The simulation is for the case of a flexible rod with a weight at the end, the rod points from outside towards the center of rotation.
(I haven't tested wether that simulation, created in 2009, is still played by the latest version of the Java VM.)
Since the simulation is numerical anyway the calculations are done for the motion with respect to the inertial coordinate system. The calculated motion is subsequently transformed to a rotating coordinate system.
The simulation displays the resulting motion in two side-by-side panels, left showing the motion with respect to the inertial coordinate system, right showing the motion with respect to the coordinate system that is co-rotating with the base of the rod.
Among the initial conditions that can be altered by the user is the amplitude of swing.
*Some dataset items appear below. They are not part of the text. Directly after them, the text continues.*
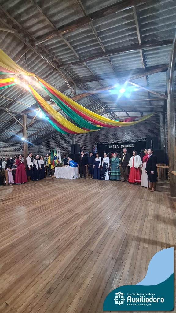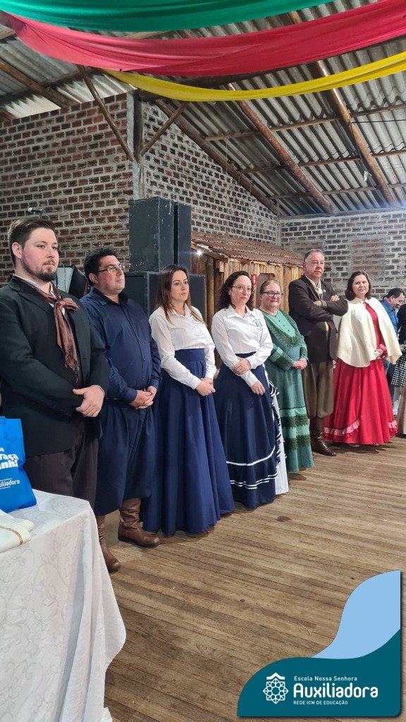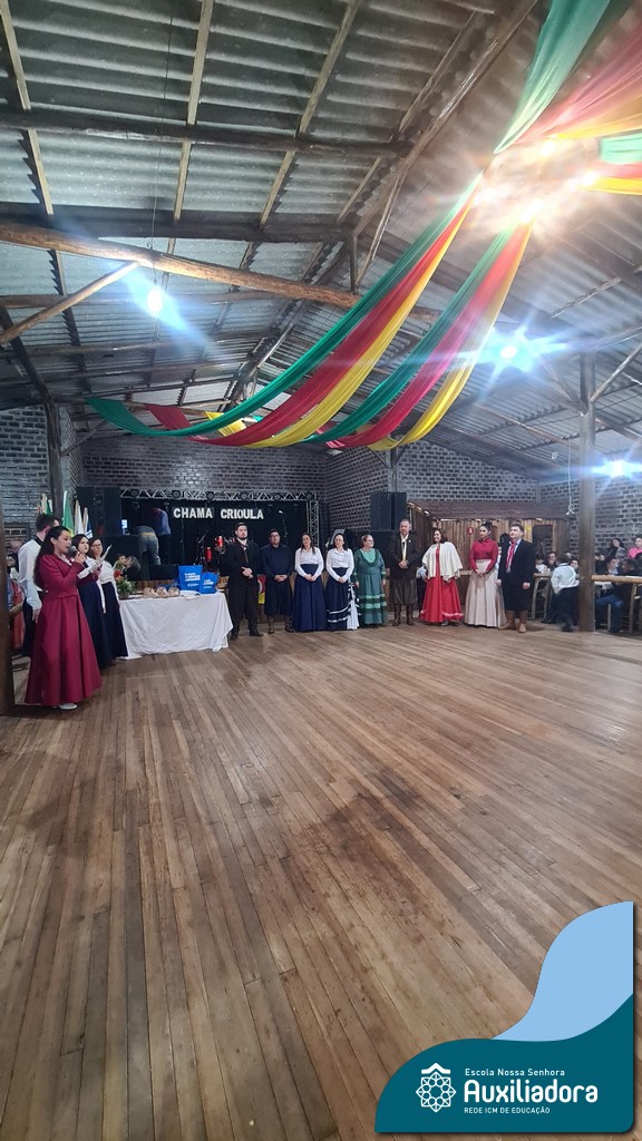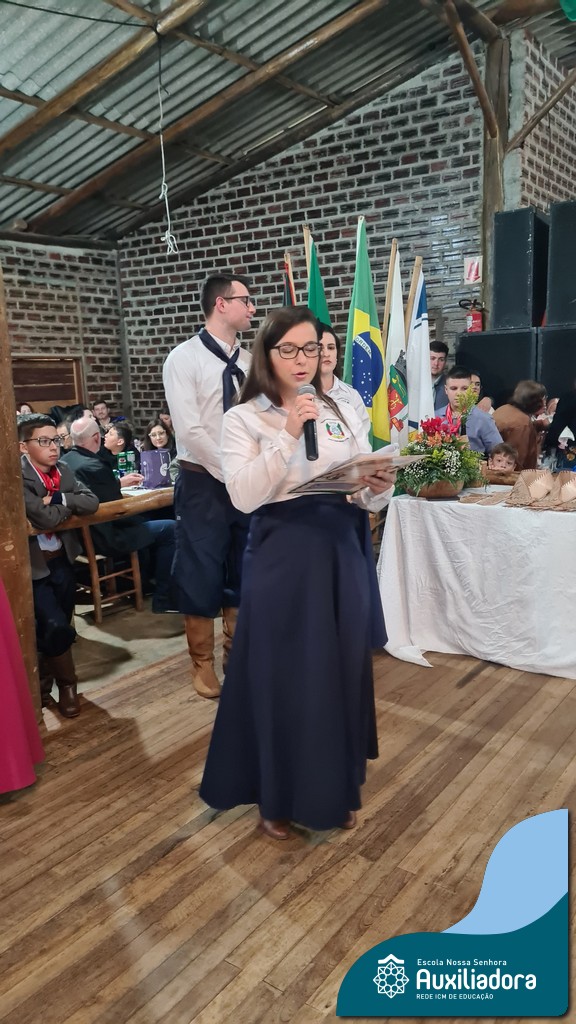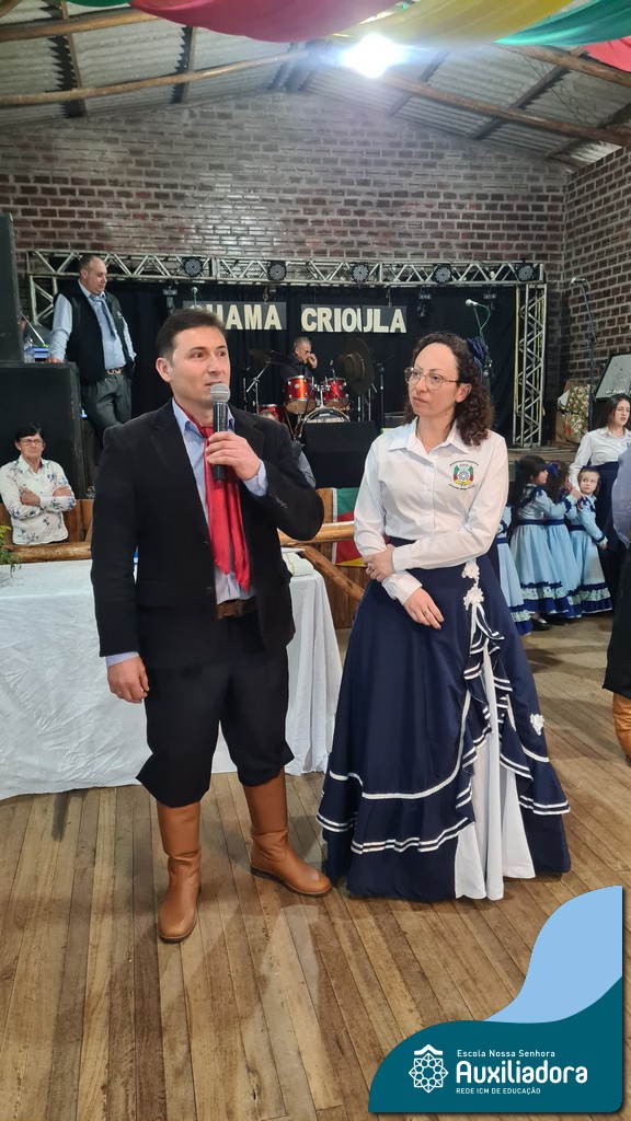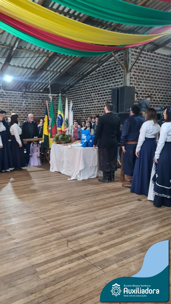 O Jantar Fandango do último 12 de julho, realizado no Piquete Alto Alegre, celebrou com emoção e orgulho a apresentação oficial do DTG Sentinela da Auxiliadora. O evento reuniu famílias, tradicionalistas e autoridades em uma noite de reencontro com as raízes. Marcaram presença o Patrão do Piquete, Silvio Cesar Rossatto; o Conselheiro do MTG, Luís Paulo Franken; a Coordenadora da 28ª RT, Mirtes Terezinha Quadros; e a diretora da Escola Nossa Senhora Auxiliadora, Luciane Bonfanti, além de professores, pais e representantes da comunidade escolar.
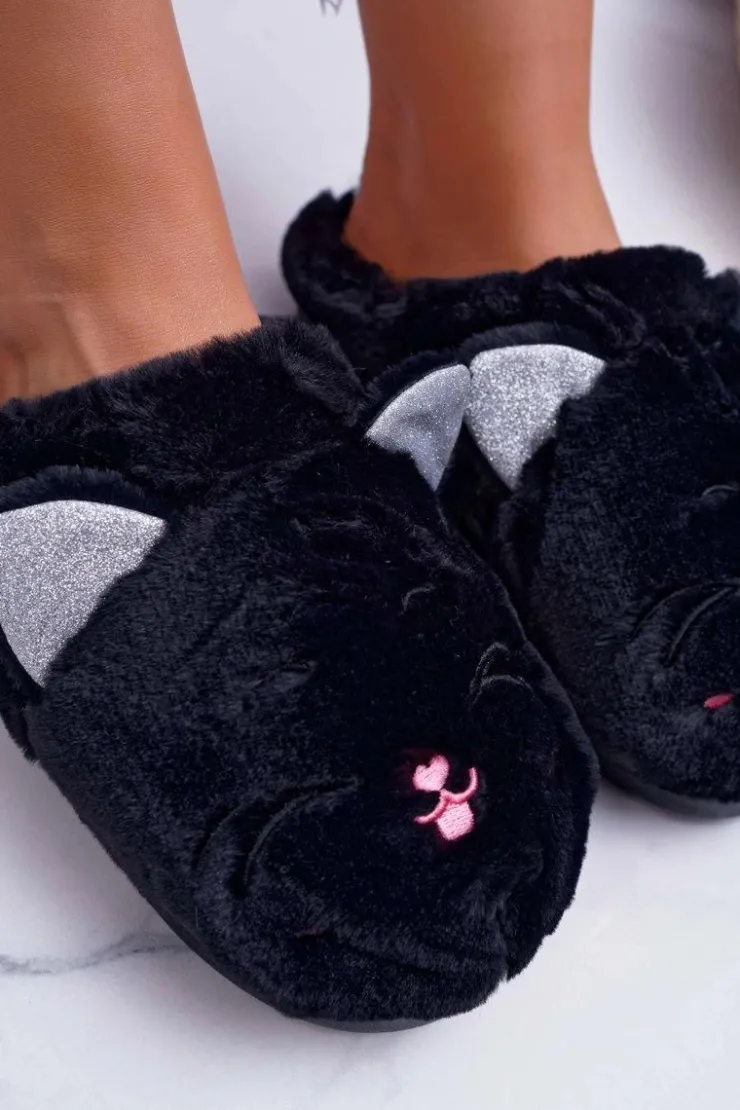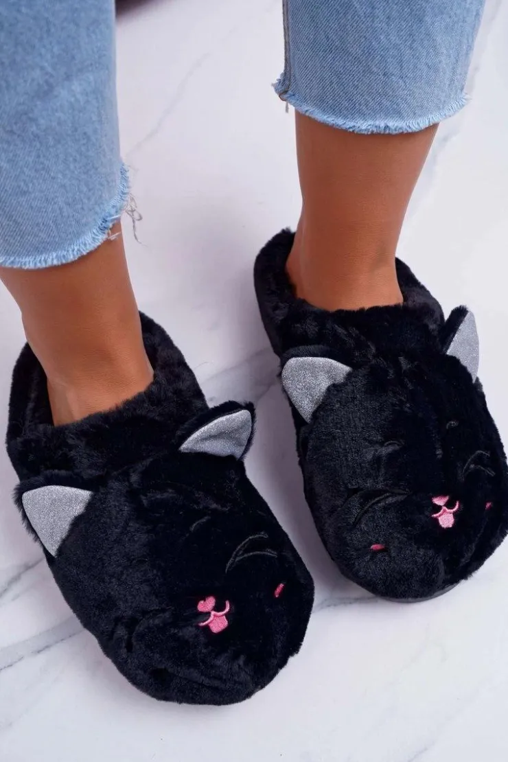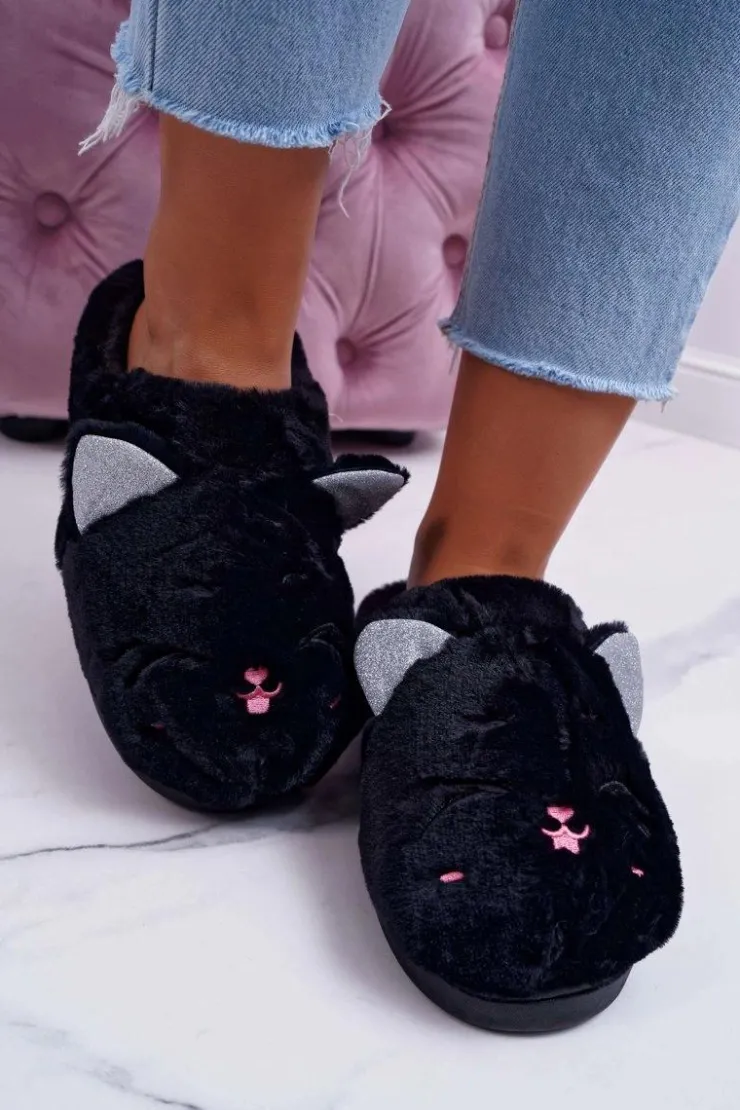 Damskie Boto Kapcie Damskie Kotki z Uszami Czarne Sleppyhead
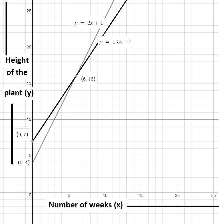 Assessment items Mrs. Sheng has two batches of bamboo plants that she will use to make a fence with poles of similar heights. When she transplanted the plants, the first batch, which grows at a rate of 2 ft/week, had stalks that were about 4 ft high. The second batch, which grows at a rate of 1.5 ft/week, had stalks that were about 7 ft high. The equation y=2x+4 y=2x+4 models the height, y, of the plants in the first batch x weeks after they were transplanted. The equation y= 3 2 x+7 y=32x+7 models the height, y, of the plants in the second batch x weeks after they were transplanted. Graph the system formed by the equations.
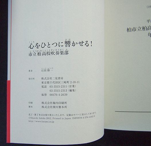 Product name: 単行本「心をひとつに響かせる!」市立柏高校吹奏楽部 石田修一著 吹奏楽部強豪校の指導者は生徒に何をどう伝えてきたか 二見書房 2013年
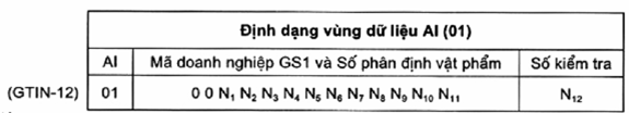 Kết cấu vùng dữ liệu Al (01) của mã số GTIN-12 được nêu trong Hình 2.
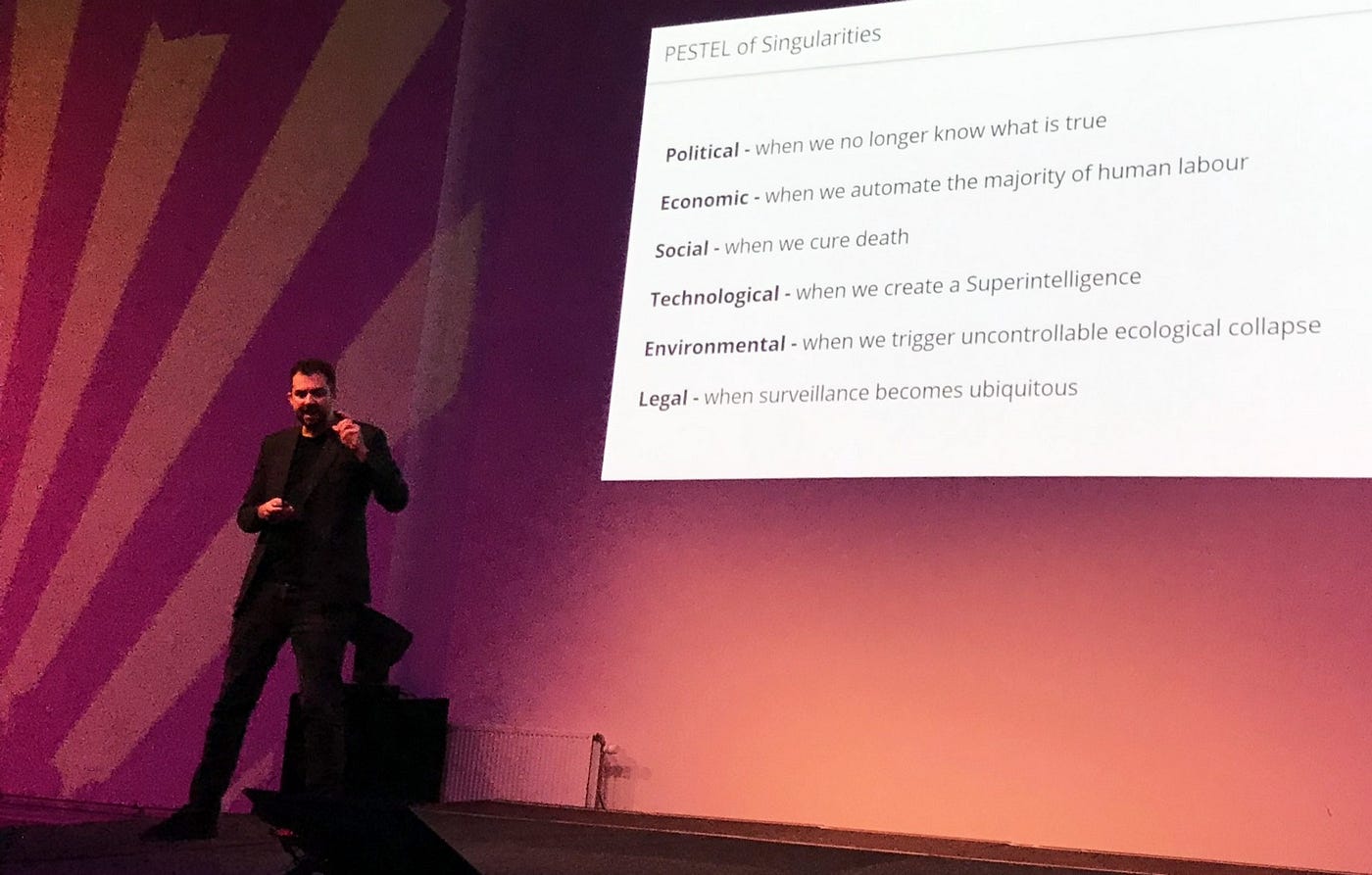 Daniel doesn’t stick to one singularity, he distinguishes six of them. He does this on the basis of the business analytic PESTEL model. That superintelligence is the technical singularity. He also sees a political, economic, social, environmental and legal singularity.

The default value is that the rod is released at an angle of 5 degrees with respect to the midline of the vibration. The simulation accepts any value for that angle.
As I wrote at the beginning of this post, it appears the Foucault effect is remarkably robust. It appears that the effects of larger amplitude tend to average out. (The simulation doesn't provide the means to quantify this.)
The reasons for doing the calculations for the motion with respect to the inertial coordinate system:
Since the simulation is numerical anyway the cost of transforming the resulting motion to a co-rotating coordinate system is negligable.
Using the equation of motion for motion with respect to a rotating coordinate system comes with hidden assumptions. For instance the assumption that for a Foucault pendulum setup the Eötvös effect is negligably small.
(Eötvös effect: when the pendulum is on its swing from west to east the bob is circumnavigating the Earth faster than the Earth's rotation. So during the swing from west to east the bob has a smaller effective weight, and conversely a larger effective weight during swing from east to west. For north-south swing the effective weight is the same in both directions.)
When doing the calculation for motion with respect to the inertial coordinate system the calculation is automatically exhaustive.